▸ **Aim of the exercise**
Transcribe all of the records word for word, please, omitting the pictures.

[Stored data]
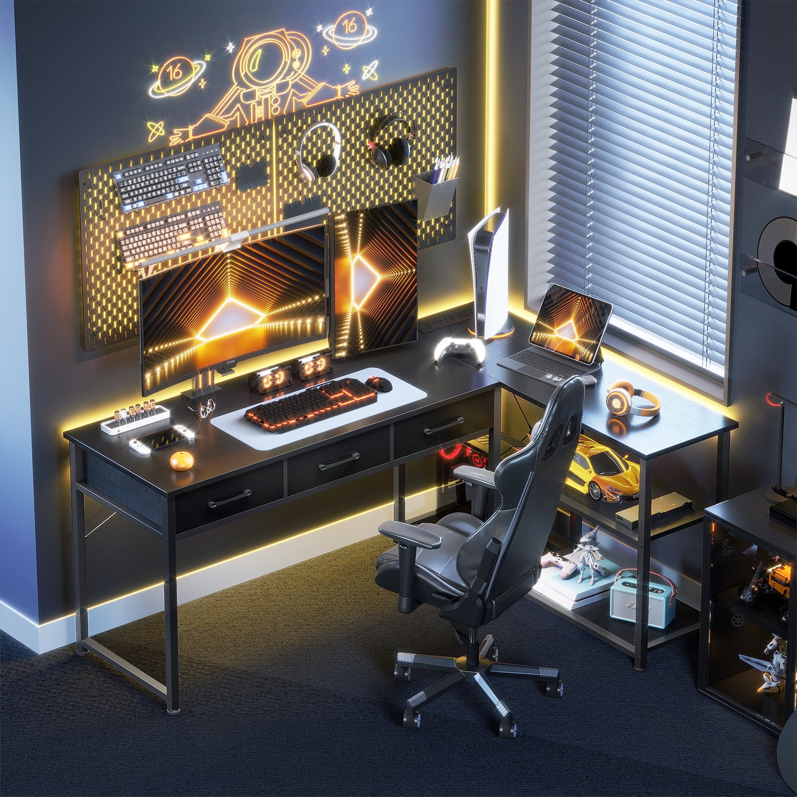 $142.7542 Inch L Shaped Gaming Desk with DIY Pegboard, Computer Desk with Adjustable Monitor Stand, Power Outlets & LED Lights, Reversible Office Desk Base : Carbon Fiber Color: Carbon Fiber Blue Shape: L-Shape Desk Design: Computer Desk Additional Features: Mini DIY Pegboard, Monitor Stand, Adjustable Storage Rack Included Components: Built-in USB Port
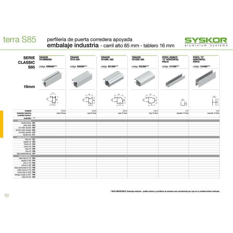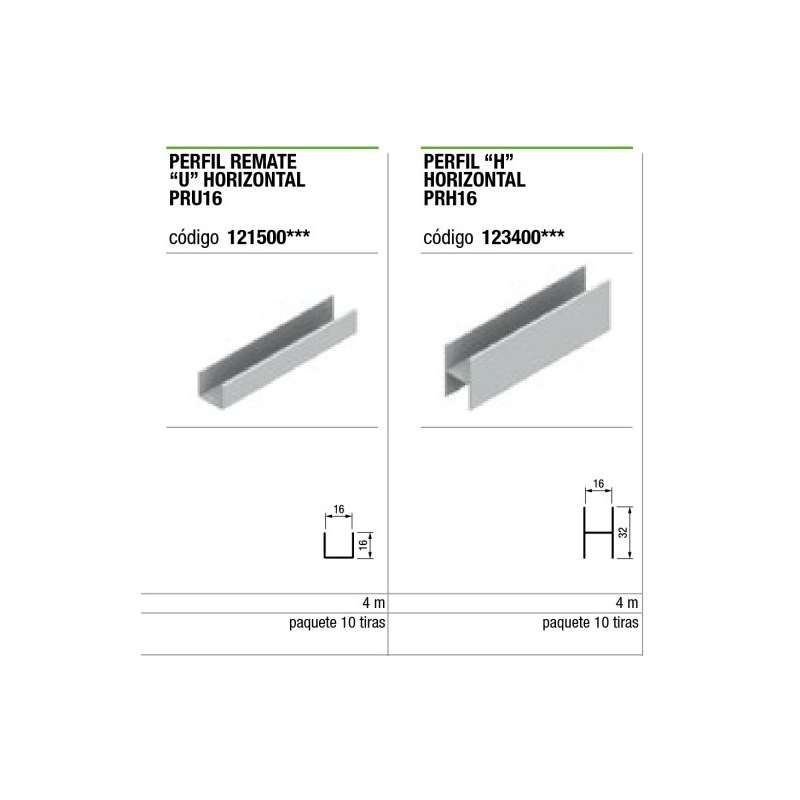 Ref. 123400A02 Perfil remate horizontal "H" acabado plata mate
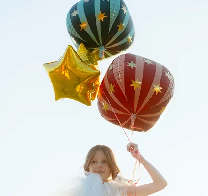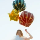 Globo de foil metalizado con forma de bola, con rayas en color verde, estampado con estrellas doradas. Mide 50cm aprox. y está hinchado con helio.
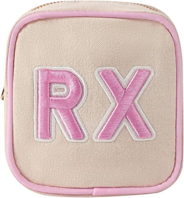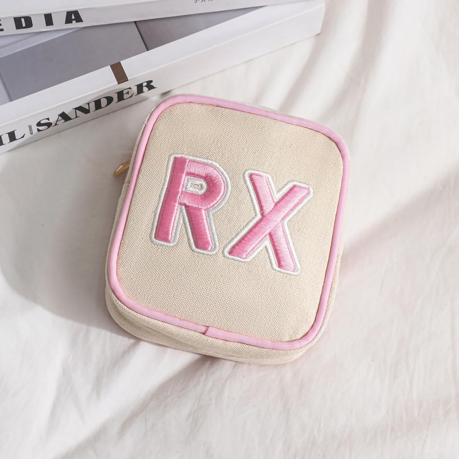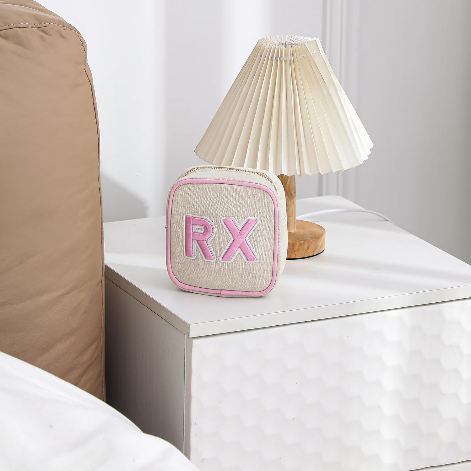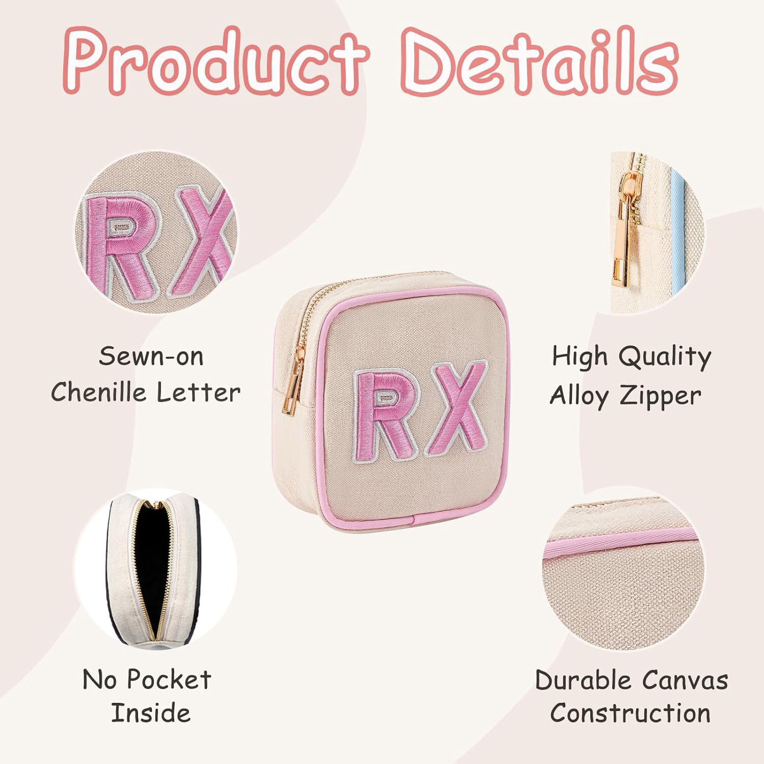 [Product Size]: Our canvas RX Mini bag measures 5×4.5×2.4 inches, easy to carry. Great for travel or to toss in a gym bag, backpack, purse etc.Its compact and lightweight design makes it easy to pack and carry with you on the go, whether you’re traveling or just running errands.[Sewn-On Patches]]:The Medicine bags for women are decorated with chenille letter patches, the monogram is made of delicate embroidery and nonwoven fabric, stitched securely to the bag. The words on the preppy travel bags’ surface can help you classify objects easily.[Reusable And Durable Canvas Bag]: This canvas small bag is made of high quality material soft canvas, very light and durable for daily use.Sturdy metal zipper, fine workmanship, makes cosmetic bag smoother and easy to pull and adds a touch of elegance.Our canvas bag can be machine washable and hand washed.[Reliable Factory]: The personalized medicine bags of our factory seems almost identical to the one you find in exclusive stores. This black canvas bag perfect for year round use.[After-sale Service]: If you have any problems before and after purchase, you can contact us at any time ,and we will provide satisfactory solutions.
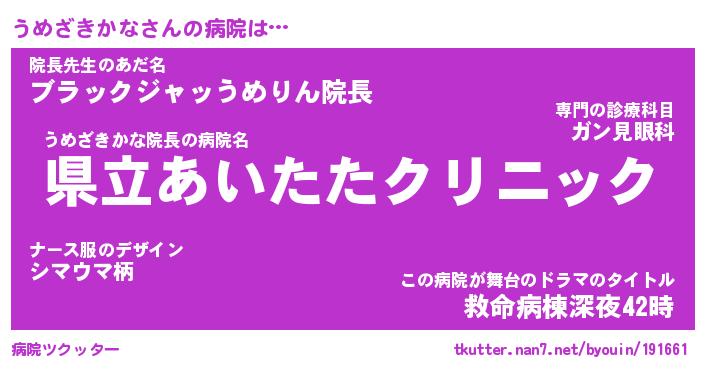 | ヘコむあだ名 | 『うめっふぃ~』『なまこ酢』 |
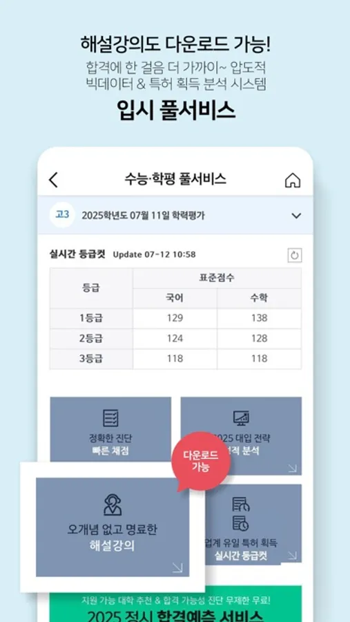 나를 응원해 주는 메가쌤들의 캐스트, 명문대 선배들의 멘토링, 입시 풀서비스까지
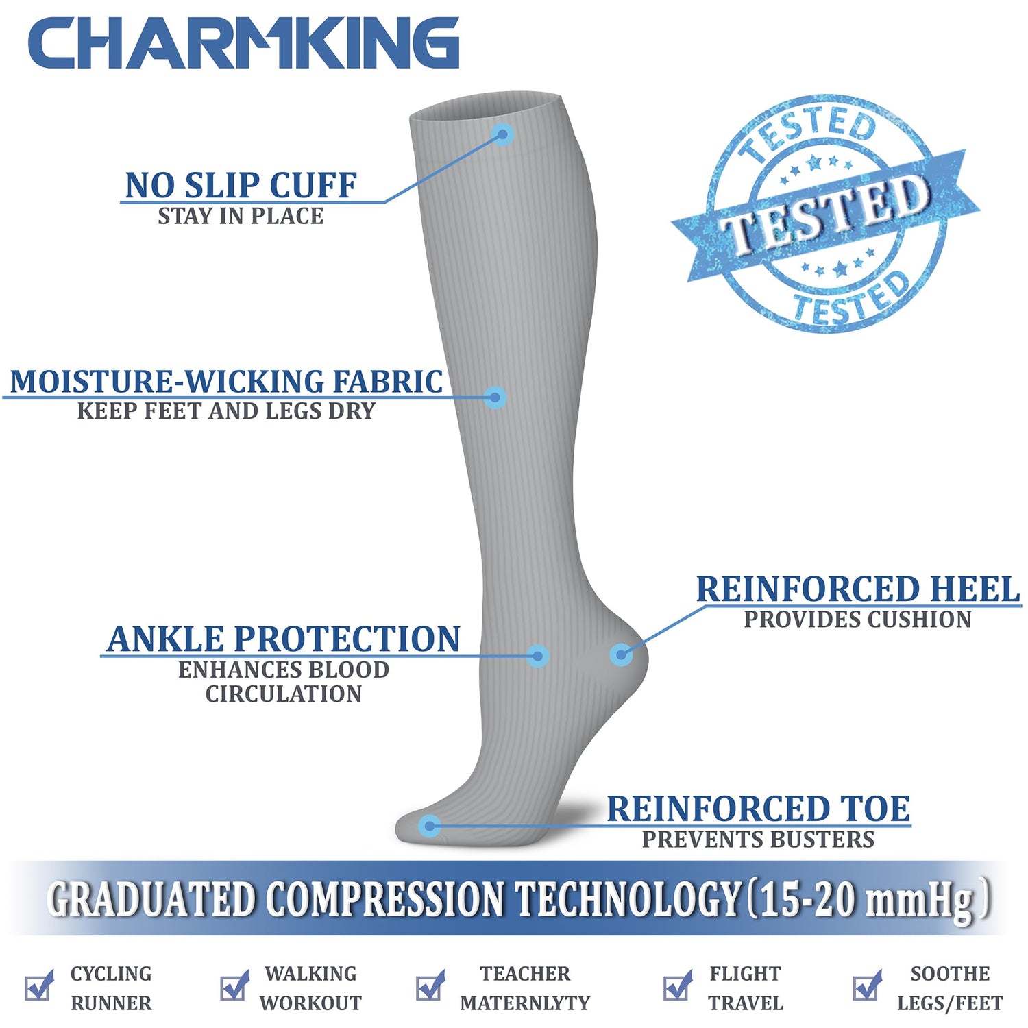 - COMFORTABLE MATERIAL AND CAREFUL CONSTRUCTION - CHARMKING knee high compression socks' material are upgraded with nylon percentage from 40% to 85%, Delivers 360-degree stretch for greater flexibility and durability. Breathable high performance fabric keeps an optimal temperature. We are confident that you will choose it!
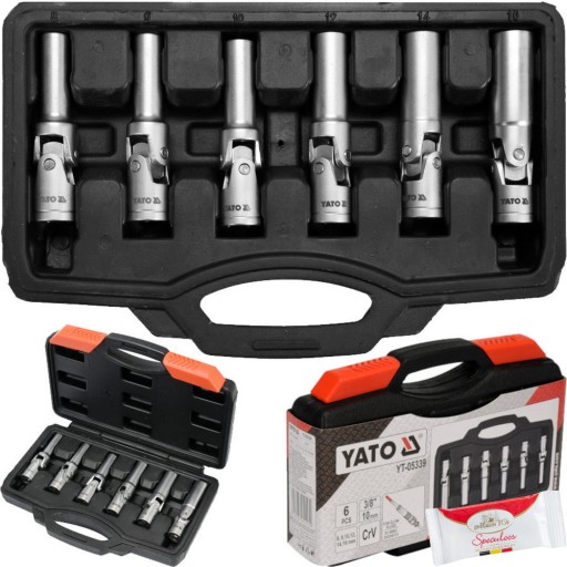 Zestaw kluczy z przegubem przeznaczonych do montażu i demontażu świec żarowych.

▸ **Result for this exercise**
 $142.7542 Inch L Shaped Gaming Desk with DIY Pegboard, Computer Desk with Adjustable Monitor Stand, Power Outlets & LED Lights, Reversible Office Desk Base : Carbon Fiber Color: Carbon Fiber Blue Shape: L-Shape Desk Design: Computer Desk Additional Features: Mini DIY Pegboard, Monitor Stand, Adjustable Storage Rack Included Components: Built-in USB Port
 Ref. 123400A02 Perfil remate horizontal "H" acabado plata mate
 Globo de foil metalizado con forma de bola, con rayas en color verde, estampado con estrellas doradas. Mide 50cm aprox. y está hinchado con helio.
 [Product Size]: Our canvas RX Mini bag measures 5×4.5×2.4 inches, easy to carry. Great for travel or to toss in a gym bag, backpack, purse etc.Its compact and lightweight design makes it easy to pack and carry with you on the go, whether you’re traveling or just running errands.[Sewn-On Patches]]:The Medicine bags for women are decorated with chenille letter patches, the monogram is made of delicate embroidery and nonwoven fabric, stitched securely to the bag. The words on the preppy travel bags’ surface can help you classify objects easily.[Reusable And Durable Canvas Bag]: This canvas small bag is made of high quality material soft canvas, very light and durable for daily use.Sturdy metal zipper, fine workmanship, makes cosmetic bag smoother and easy to pull and adds a touch of elegance.Our canvas bag can be machine washable and hand washed.[Reliable Factory]: The personalized medicine bags of our factory seems almost identical to the one you find in exclusive stores. This black canvas bag perfect for year round use.[After-sale Service]: If you have any problems before and after purchase, you can contact us at any time ,and we will provide satisfactory solutions.
 | ヘコむあだ名 | 『うめっふぃ~』『なまこ酢』 |
 나를 응원해 주는 메가쌤들의 캐스트, 명문대 선배들의 멘토링, 입시 풀서비스까지
 - COMFORTABLE MATERIAL AND CAREFUL CONSTRUCTION - CHARMKING knee high compression socks' material are upgraded with nylon percentage from 40% to 85%, Delivers 360-degree stretch for greater flexibility and durability. Breathable high performance fabric keeps an optimal temperature. We are confident that you will choose it!
 Zestaw kluczy z przegubem przeznaczonych do montażu i demontażu świec żarowych.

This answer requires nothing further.